The weather has been unusually bad this summer. Either rain or it’s too hot. Or too humid. And summer doesn’t last very long anyway. The price of gas goes up on long weekends. And don’t get me started on the dollar! When it hit + 10 percent over the US dollar last year I lost a huge amount on my big summer program.

 Hey, doesn’t this sound Canadian? To the outside ear, this may sound like whining, but what do they know? This is how Canadians connect! And connecting is important, right?

 A couple of weeks ago in Berlin, I greeted the general manager of the hotel where I was working. “Guten morgen Herr Ronald. Wie geht’s?” He smiled, looked uncomfortable, mumbled something and left.

 My local meeting planner Annemarie said, Shelle, did you really want to know how he is?” “Of course not,” I replied, “it’s just that in Canada we need to exchange at least two sentences.” “Well in Germany we only need one.”

 Okay then! One sentence. I can do that. But what about the traditional German need to be perfect? “I must be perfect at all times and so must the speaker.” How do I get rid of the Perfect Directive and connect to my audience? Through a translator? Without losing my credibility? In only one sentence?

 I gathered up my courage. Briefed my interpreters. Walked to the front of the room, smiled warmly and proceeded to screw up my attempt to use a traditional German greeting. My interpreter, standing beside me, screwed up her translation back into English, right on cue. We paused, looked at each other, both shrugged a “so who cares” kind of Gallic Shrug1 and continued.

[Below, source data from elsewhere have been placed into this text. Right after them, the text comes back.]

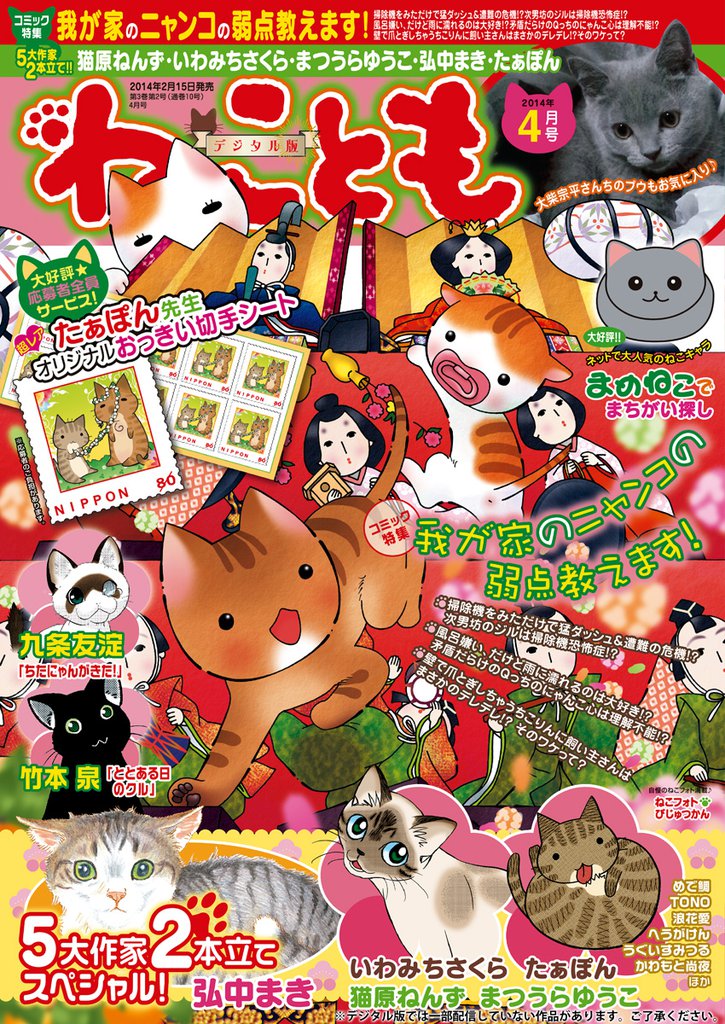 | 作者 | いわみちさくら,猫原ねんず,まつうらゆうこ,弘中まき,たぁぽん,なかやまさち,めで鯛,はなやぎぶんぶん,かわもと尚夜,へうがけん,竹本泉,コマツミキ,熊沢楓,浪花愛,曽根麻矢,九条友淀,雪セロリ,TONO,うぐいすみつる,すがわらめぐみ,佐々木史,若尾はるか,鮎,新子友子,渡辺ゆづる,水田ムゲン |
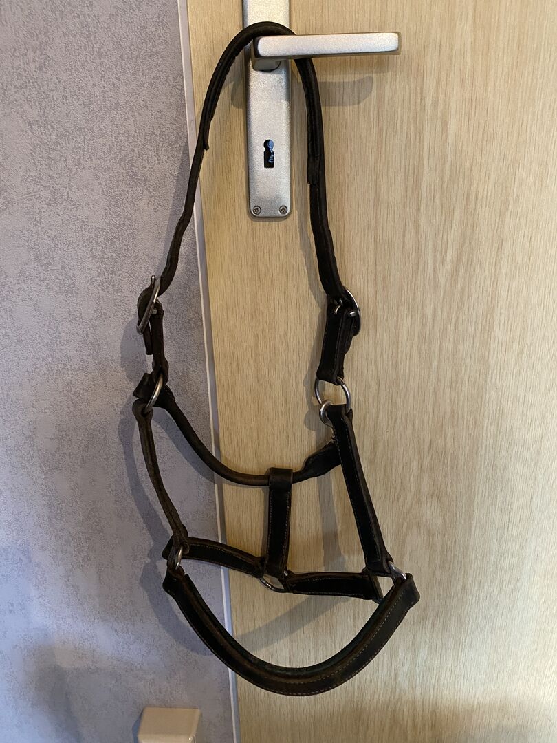 Lederhalfter. Es ist mit einem schönen grünton am nasenriemen unterlegt, sonst ist das Halfter schwarz. Das Halfter ist etwas älter, hat dementsprechend auch einige Gebrauchsspuren und könnte nochmal etwas Öl vertragen. Es wurde mir als WB und guten Zustand verkauft, aber das Leder war sehr Steif. Gereinigt und gefettet habe ich es schon, nur ist das Leder leider immernoch minimal Steif. Die Beschläge haben leider auch etwas Rost abbekommen, vielleicht kann man da aber noch was machen. Daher auch der günstige preis.
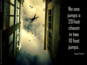 Yes, lives of quiet desperation are those who are satisfied with incremental change. Thanks, Scott, for reminding me…big change isn’t incremental. Big change is a leap of faith.
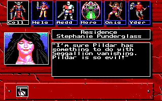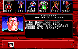 I was pleased to see that the game, like 2400 A.D., adopts the traditional Ultima approach to dialogue, where you type keywords. Sometimes, those keywords will become apparent from the NPC's introductory statements; sometimes, you'll get fed those words by other NPCs. They don't respond to NAME, HEALTH, and JOB, but almost everyone has something to say about "duke," "Seggallion," or "Pildar." As in the Ultima games, four letters (SEGG, PILD) seems like enough to prompt the response. None of The Magic Candle's nonsense where asking about THE LAST UNICORN gives you a different response than LAST UNICORN.
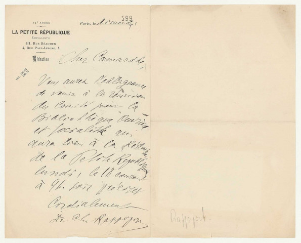 (2) témoigne du goût des hommes politiques de la IIIe République pour les lettres autographes du tribun républicain, goût partagé aussi par Édouard Herriot.
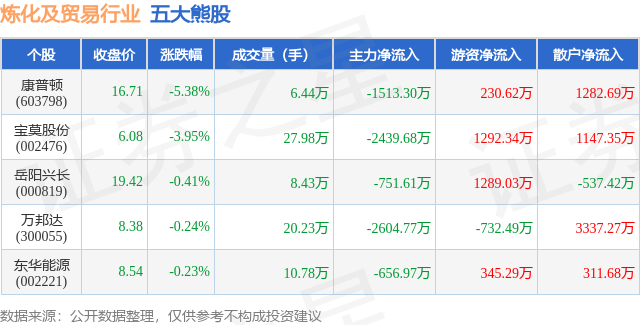 个股表现方面,炼化及贸易行业当日领跌股为康普顿(603798),该股当日报收16.71,下跌5.38%,成交量6.44万,主力资金净流出1513.3万元。宝莫股份(002476)以下跌3.95%紧随其后,该股当日成交量27.98万,主力资金净流出2439.68万元。除此之外,岳阳兴长(000819)、万邦达(300055)、东华能源(002221)均进入当日熊股之列。具体个股列表见下表:
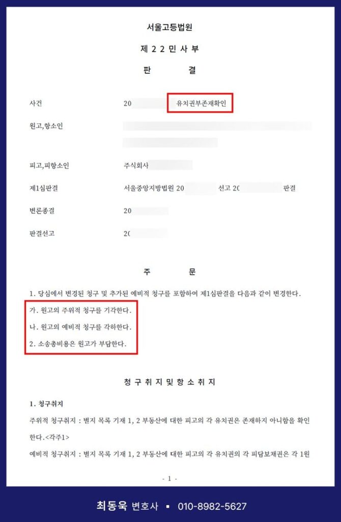 따라서 유치권 행사나 분쟁 대응을 준비하는 경우, 반드시 변호사의 조력을 받아 전략적으로 접근하는 것이 바람직합니다.
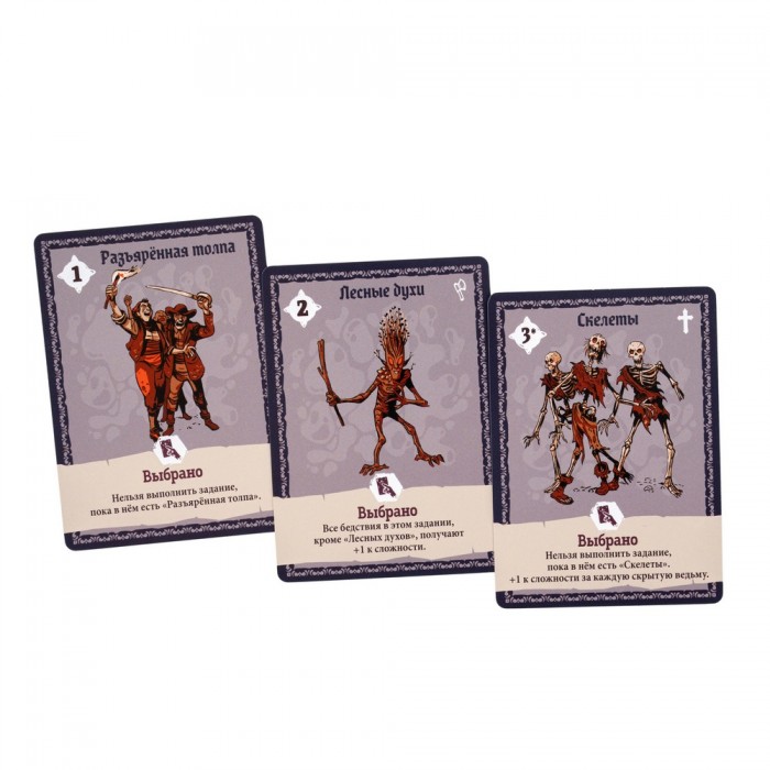 Каждый раунд вам нужно выполнить одну из миссий — победить монстра, снять проклятие, защитить жителей. Любую ведьму можно разыграть скрытно или раскрыто. Разоблачённые чародейки дают больше магической силы и владеют могущественными заклинаниями. Но после этого они отправятся в темницу за использование магии — их помощь доступна лишь однажды.
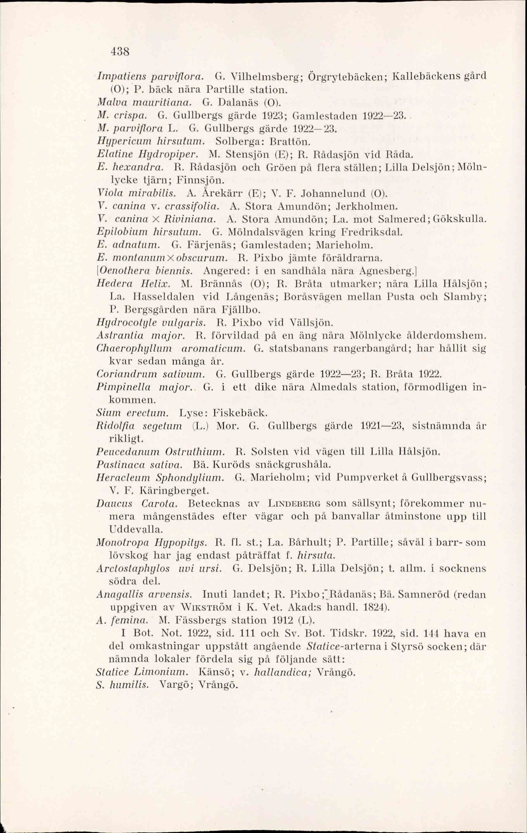 M. parviflora L. G. Gullbergs gärde 1922—23.

 With one sentence we had lowered the expectations from perfect to human, made people laugh, and didn’t entirely destroy my credibility. Yeah, but something was missing. I still hadn’t quite connected to my group yet.

 “Isn’t it amazing how bad the weather has been this summer, even for northern Europe, especially when the summer doesn’t last very long?”, I commented to my group. Now everyone was shaking their heads in agreement.

 That’s it I thought! And I gave birth to The Connection Theory on the spot:2

 1. Each culture has a topic of conversation, to be discussed in a particular number of sentences or duration in time for the precise purpose of connecting rather that communicating specific information. To connect one needs to match the topic and required duration of conversation.

 2. Each culture has a precise “order of business” in their places of work wherein a specific number of minutes is taken for greeting, working, informal chit chat, smoking breaks (where still legal), etc., in a particular order. This order of business ensures that a personal connection will take place.

 But you know the problem with theories. They don’t always work in practice. So what do you do when in doubt? Whine about the weather of course. The Canadian Connection Strategy may just be the Universal Connector. There is only one way to find out, n’est-ce pas?

 Bon voyage.

 Shelle

Madame El Presidente


1 I first learned the Gallic Shrug while living and working in France. It is a one-shoulder shrug which is meant to communicate: “What the heck. Who cares?” It is not to be confused with the two-shoulder Jewish Shrug which generally signals “So who knows and why are you asking me anyway?” I now teach various shrugs as high stakes negotiation techniques.

2 I gave birth to the Connection Theory metaphorically only. If you were thinking that I actually gave birth, on the spot, in front of the audience, then perhaps you are reading this article a bit too literally.